• _Task input_
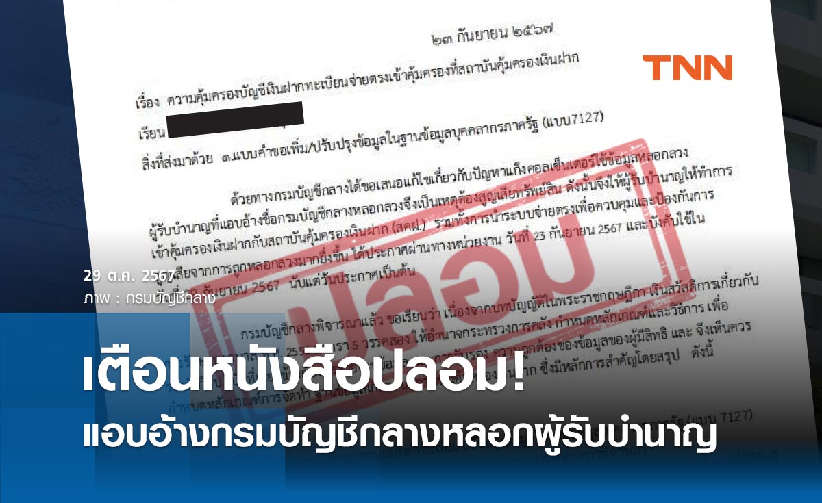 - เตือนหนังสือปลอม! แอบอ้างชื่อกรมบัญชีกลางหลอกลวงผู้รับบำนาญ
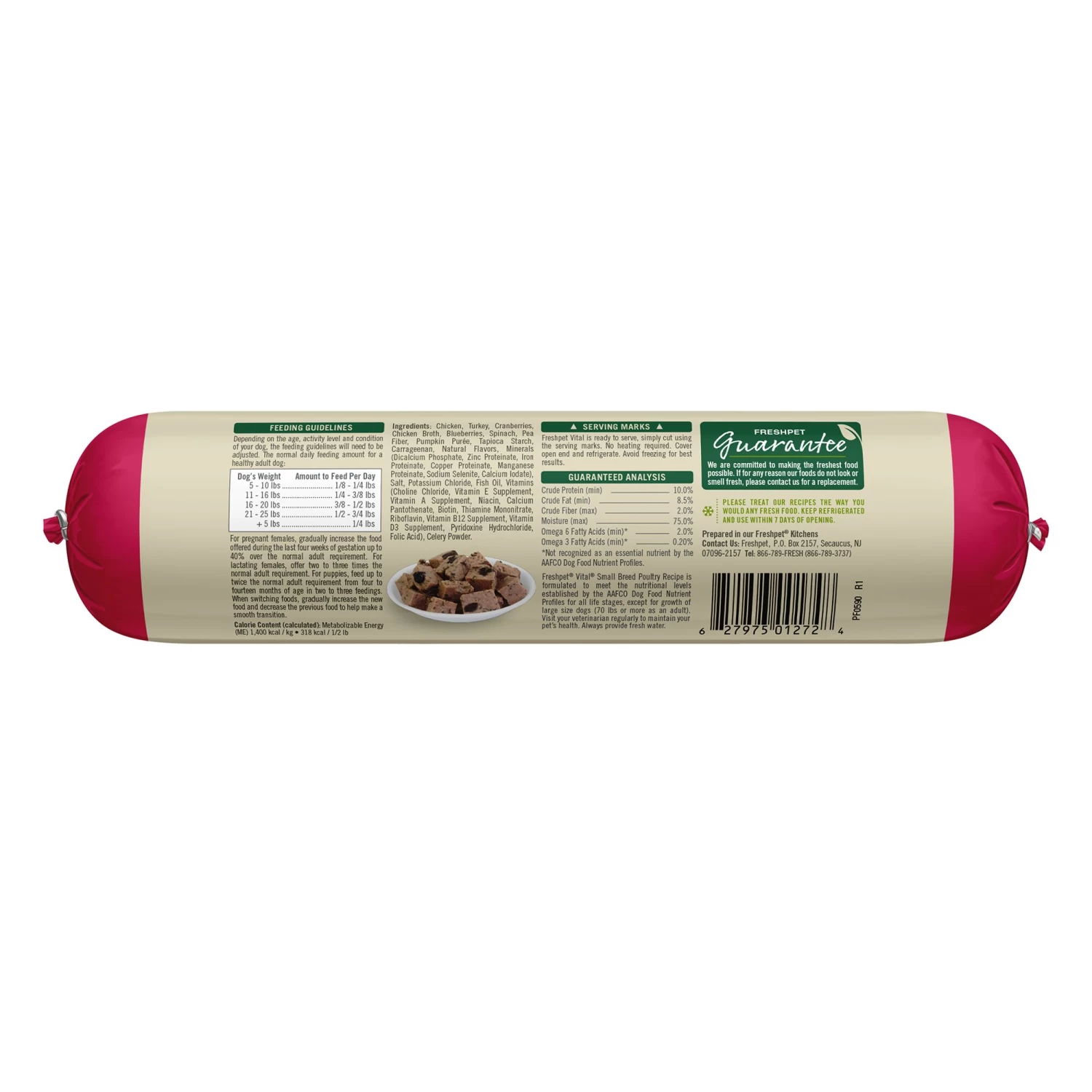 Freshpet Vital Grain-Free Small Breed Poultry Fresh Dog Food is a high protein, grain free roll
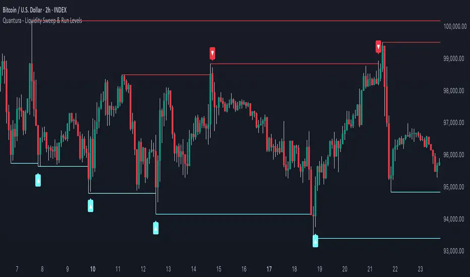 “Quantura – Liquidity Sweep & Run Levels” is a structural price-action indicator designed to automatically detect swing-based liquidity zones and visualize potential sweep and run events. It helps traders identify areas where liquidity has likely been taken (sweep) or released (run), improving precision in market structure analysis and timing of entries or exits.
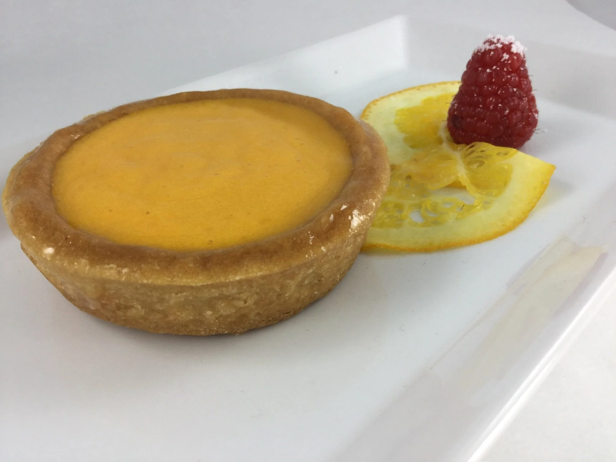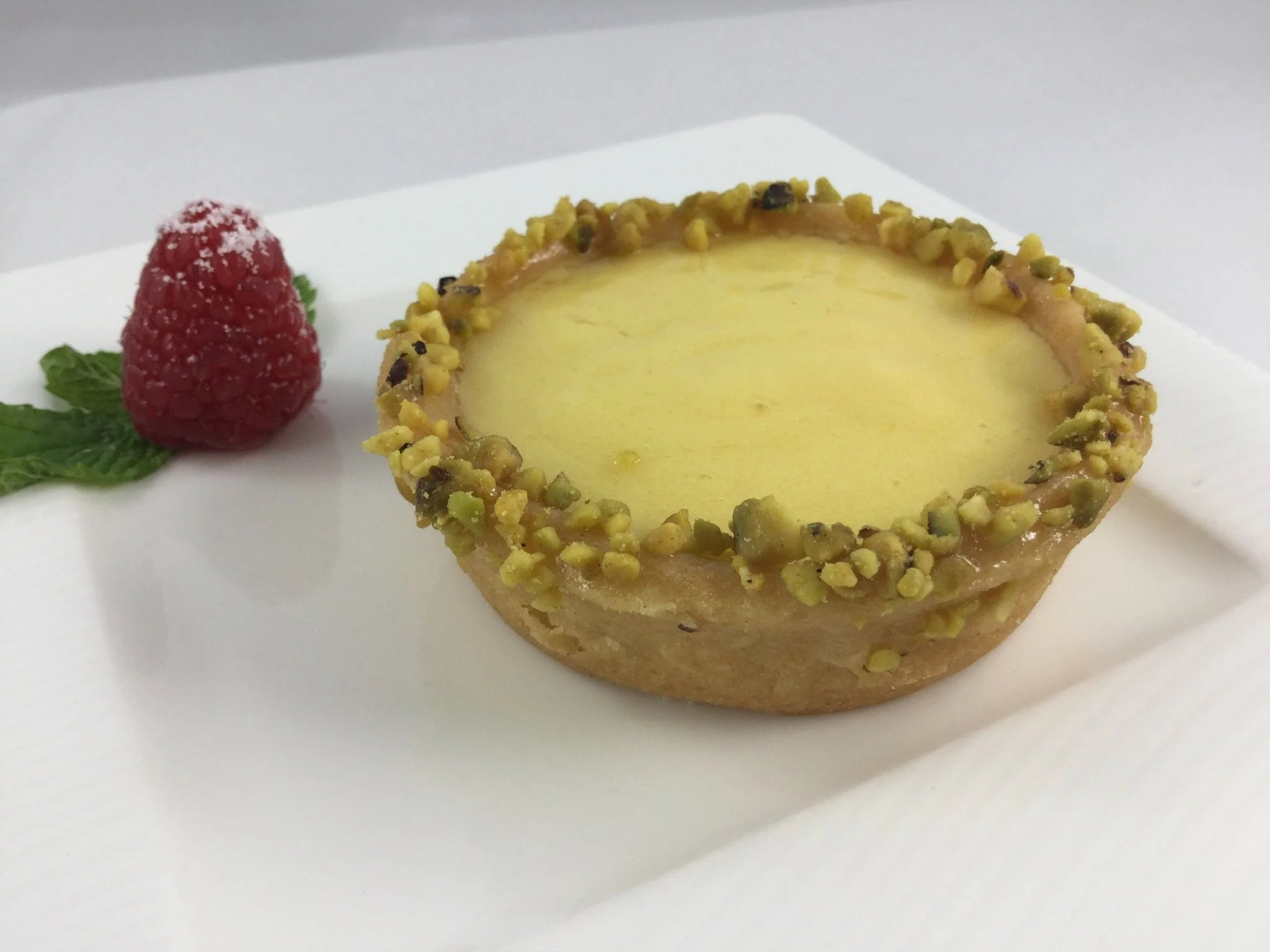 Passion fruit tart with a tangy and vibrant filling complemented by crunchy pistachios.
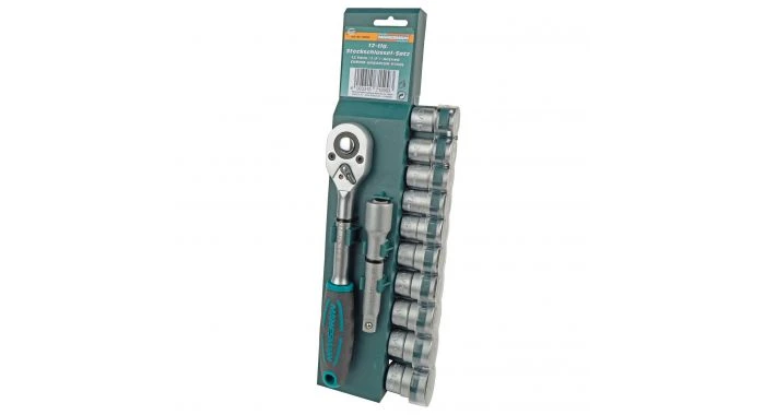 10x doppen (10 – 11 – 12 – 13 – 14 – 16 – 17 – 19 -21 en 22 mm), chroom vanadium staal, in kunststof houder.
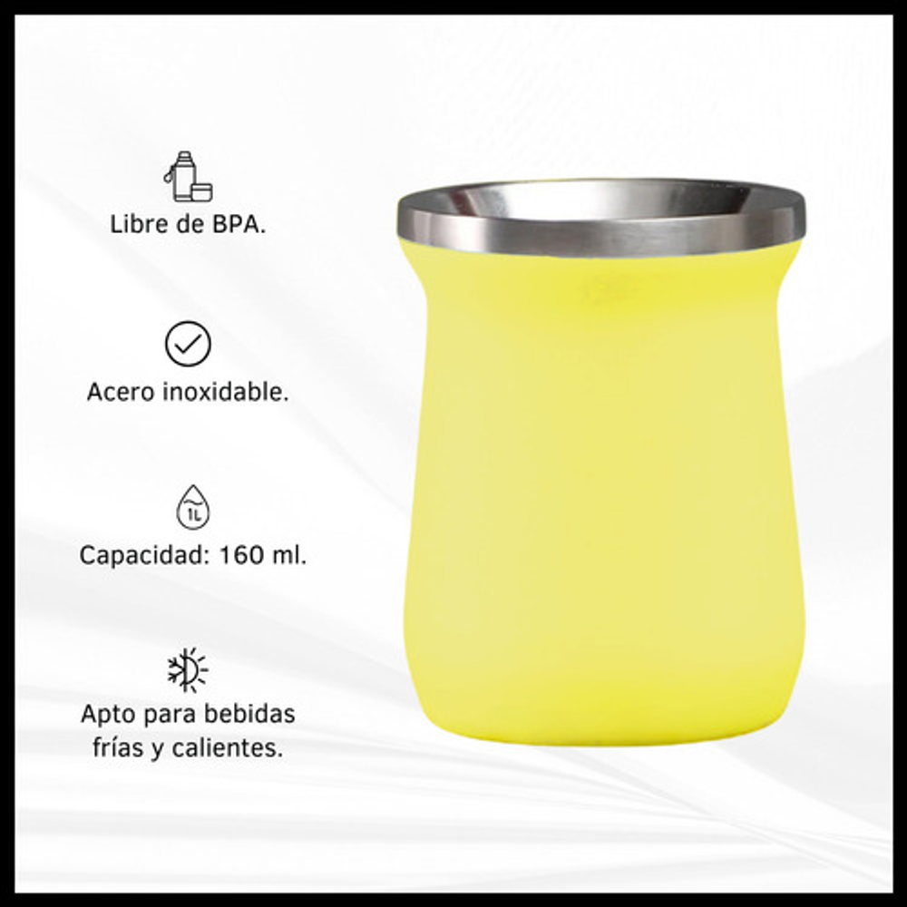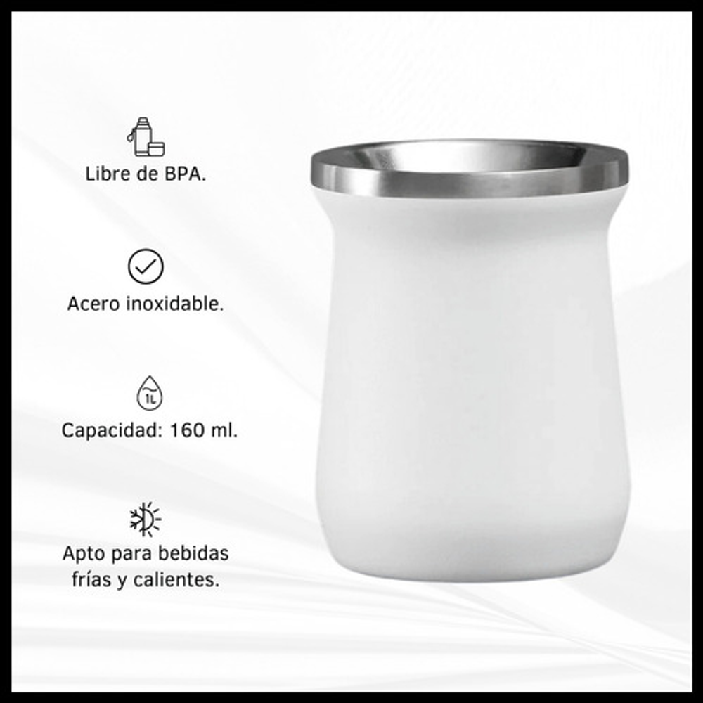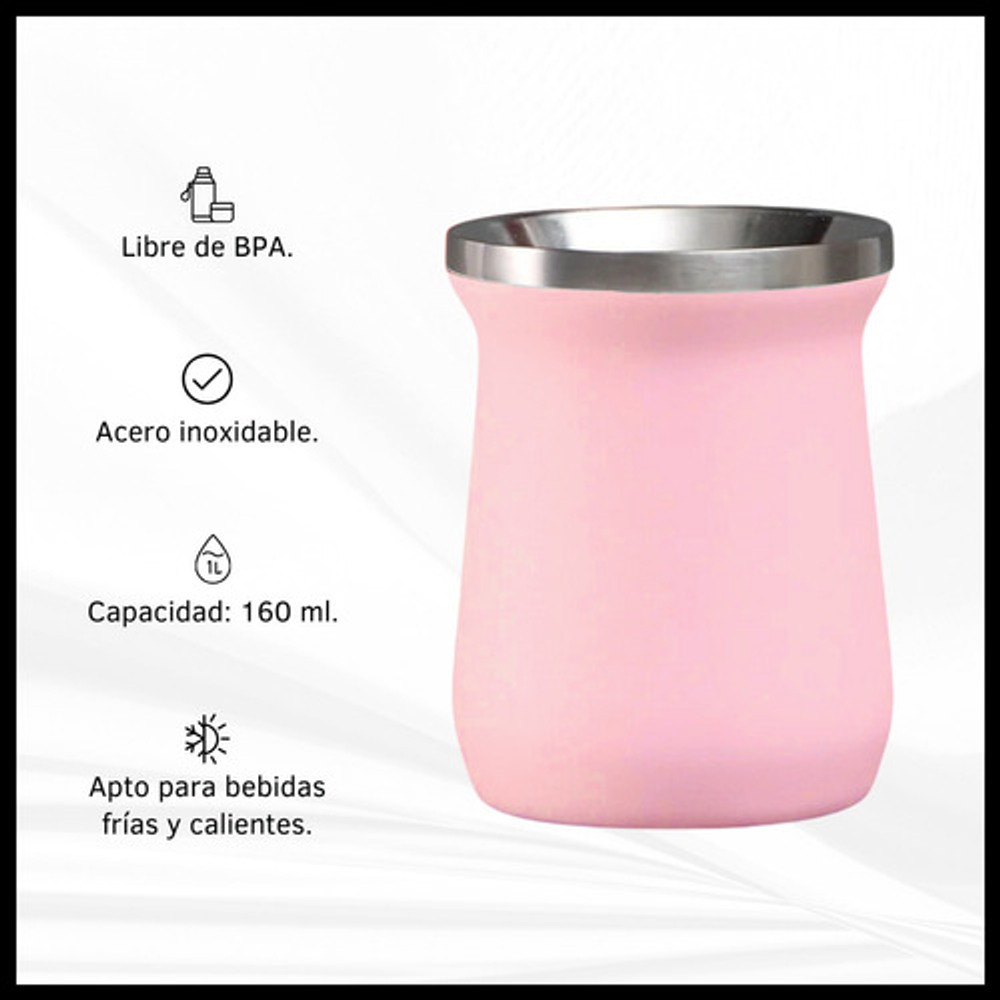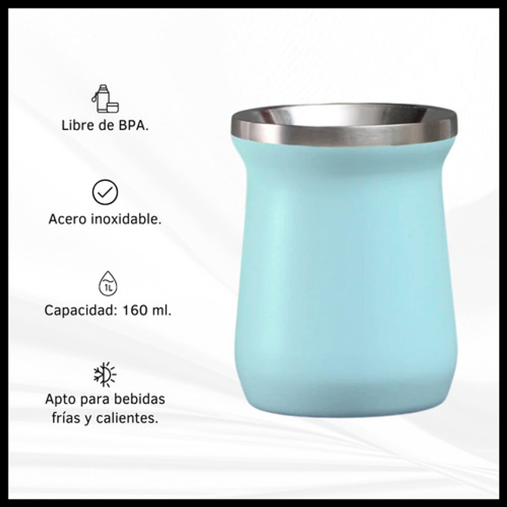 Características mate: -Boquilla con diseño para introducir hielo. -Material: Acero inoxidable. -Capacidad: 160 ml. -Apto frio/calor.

• _Work instruction_
Leaving out the pictures, reproduce the whole listing above exactly.

• _Exercise solution_
 - เตือนหนังสือปลอม! แอบอ้างชื่อกรมบัญชีกลางหลอกลวงผู้รับบำนาญ
 Freshpet Vital Grain-Free Small Breed Poultry Fresh Dog Food is a high protein, grain free roll
 “Quantura – Liquidity Sweep & Run Levels” is a structural price-action indicator designed to automatically detect swing-based liquidity zones and visualize potential sweep and run events. It helps traders identify areas where liquidity has likely been taken (sweep) or released (run), improving precision in market structure analysis and timing of entries or exits.
 Passion fruit tart with a tangy and vibrant filling complemented by crunchy pistachios.
 10x doppen (10 – 11 – 12 – 13 – 14 – 16 – 17 – 19 -21 en 22 mm), chroom vanadium staal, in kunststof houder.
 Características mate: -Boquilla con diseño para introducir hielo. -Material: Acero inoxidable. -Capacidad: 160 ml. -Apto frio/calor.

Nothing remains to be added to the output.